鵠ノ夜[中]
雨麗様に好かれたいと思っている男は少なく無いのだ。
兄さんに五家の皆様をはじめ、彼女が接待に応じた相手は高確率で彼女に見合いの話を持ち出す。……今のところ全て断っている、が。
すなわち、その中で意味がなくとも「櫁がよくて」なんて言われたら単純思考の働く輩は多い。
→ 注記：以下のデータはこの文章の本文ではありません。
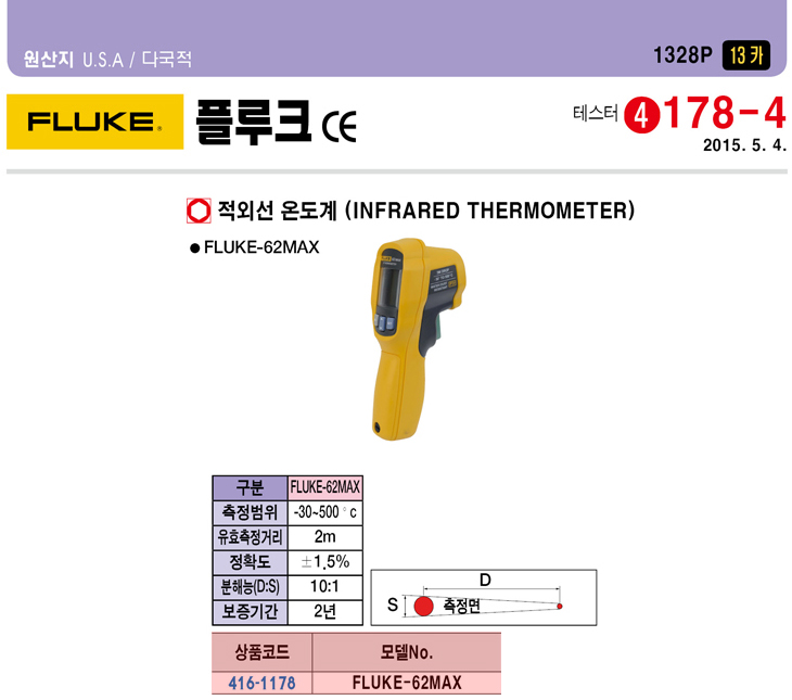 [Ç÷çÅ©/FLUKE] Àû¿Ü¼±¿Âµµ°è(FLUKE-62MAX, -30~500¡É)(Infrared Thermometer)

できれば自分だけであってほしい。けれどそうではないから、思わせぶりな態度に腹が立つ。
「だ、って、」
「………」
「櫁が悪いんじゃない……」
──独白に、近かった。
俺に言うというよりは、自分の中で感情を整理するみたいに。ぽつりとこぼして、重なる手をじっと見つめる彼女。
俺が悪い、と言われても何かした記憶はない。
昨日は有給でほぼ顔を合わせなかったし、今日に至ってはまだ日付が変わって間もない。……なのに、俺が悪いらしい。
「女の子の匂いなんか、させてるから……」
「、」
「櫁はわたしのなのに、」
……俺がおかしいんだろうか?
彼女の発言を纏めるとまるで、俺から他の女の匂いがしたのが嫌で抱かれに来た、と言ってるように聞こえる。
「それって……ヤキモチ妬いてます?」
まさか、とは思った。
だけど彼女は口を閉ざして、何も言わない。
そう、とも言わなければ。
……違う、とも、言わなかった。